# WHAT YOU NEED TO DO
Could you restate, exactly and with nothing added, the lines from the start of the data through the line that holds "先日2月13日に岡山県精神科", leaving the pictures out?

# INFORMATION PROVIDED
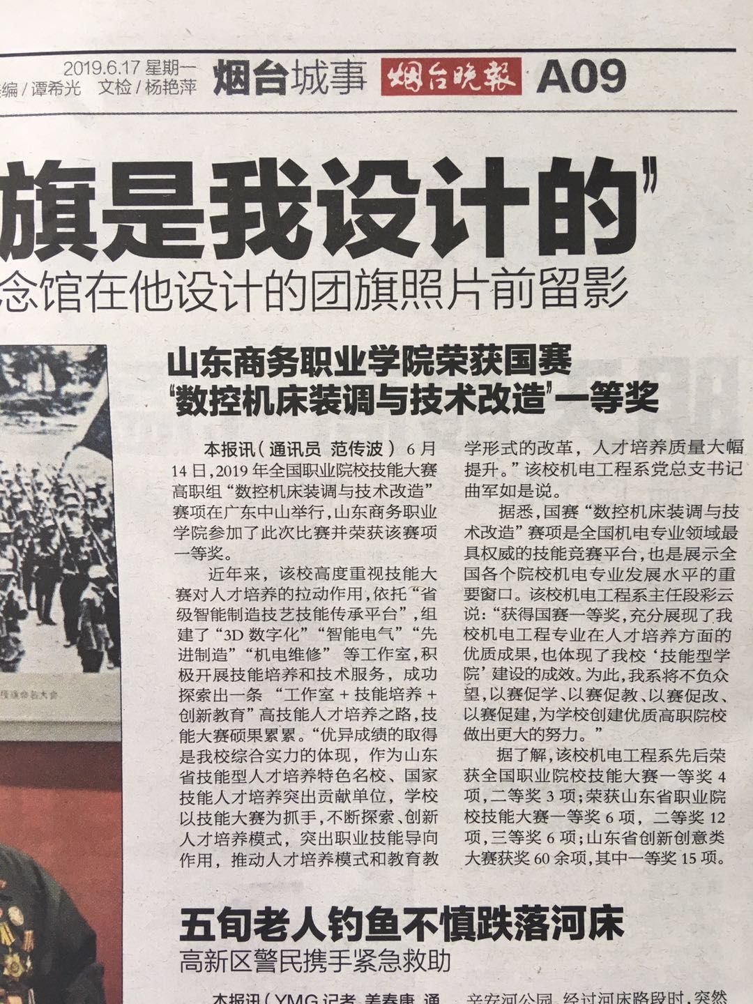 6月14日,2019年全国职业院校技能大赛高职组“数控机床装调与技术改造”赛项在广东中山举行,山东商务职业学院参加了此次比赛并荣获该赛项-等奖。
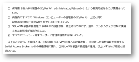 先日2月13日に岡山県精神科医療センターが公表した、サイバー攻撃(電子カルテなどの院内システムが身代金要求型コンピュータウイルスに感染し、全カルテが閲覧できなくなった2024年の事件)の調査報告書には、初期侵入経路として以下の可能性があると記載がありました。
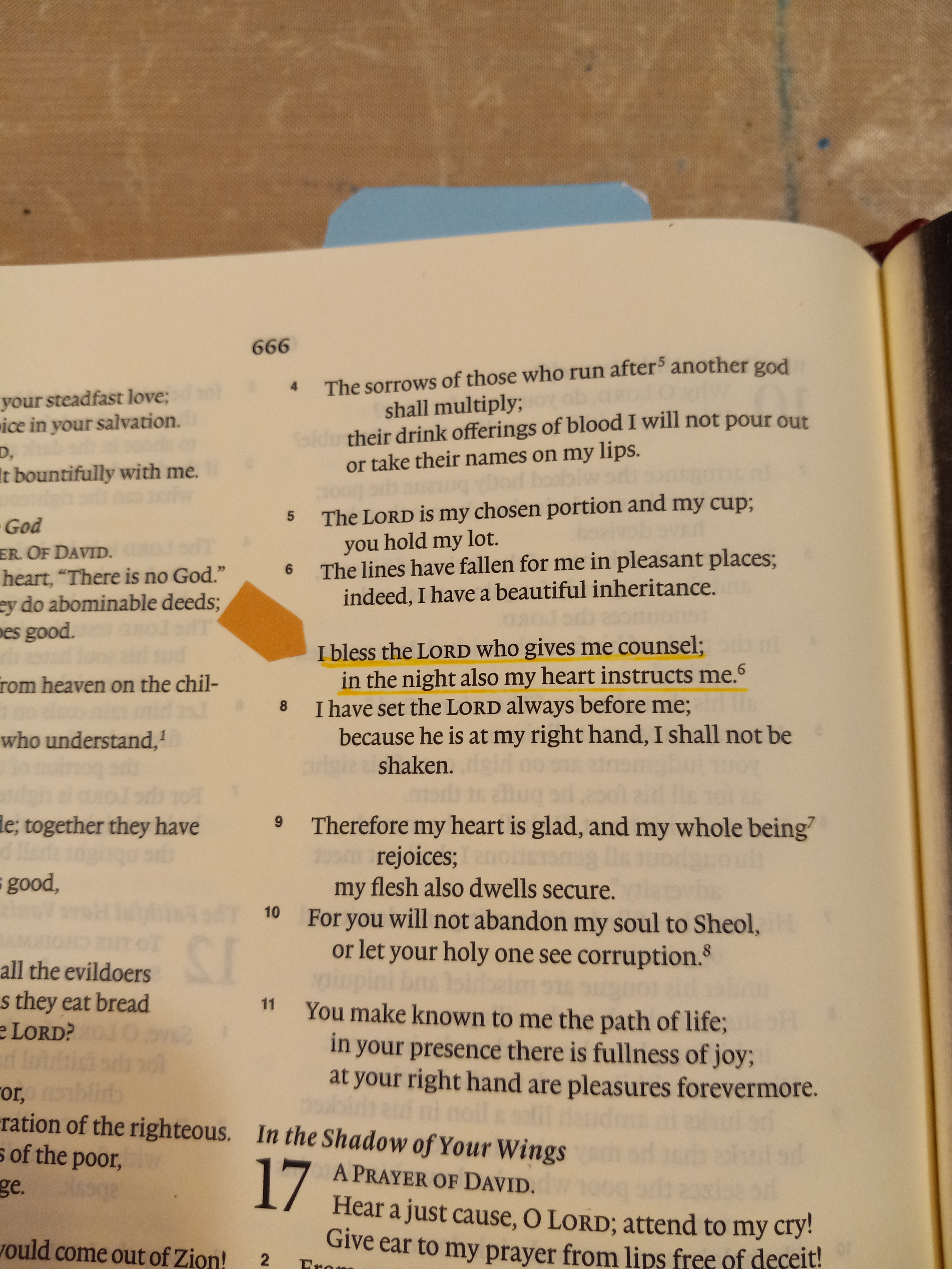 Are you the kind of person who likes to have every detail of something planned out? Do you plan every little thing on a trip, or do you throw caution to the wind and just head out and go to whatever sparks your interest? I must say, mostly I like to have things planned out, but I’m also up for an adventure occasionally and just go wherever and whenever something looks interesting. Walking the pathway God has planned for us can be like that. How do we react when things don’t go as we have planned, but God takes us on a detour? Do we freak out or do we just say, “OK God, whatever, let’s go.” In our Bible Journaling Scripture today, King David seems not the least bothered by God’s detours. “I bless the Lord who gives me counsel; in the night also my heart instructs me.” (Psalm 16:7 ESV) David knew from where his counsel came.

# WRITTEN RESPONSE
 6月14日,2019年全国职业院校技能大赛高职组“数控机床装调与技术改造”赛项在广东中山举行,山东商务职业学院参加了此次比赛并荣获该赛项-等奖。
 先日2月13日に岡山県精神科医療センターが公表した、サイバー攻撃(電子カルテなどの院内システムが身代金要求型コンピュータウイルスに感染し、全カルテが閲覧できなくなった2024年の事件)の調査報告書には、初期侵入経路として以下の可能性があると記載がありました。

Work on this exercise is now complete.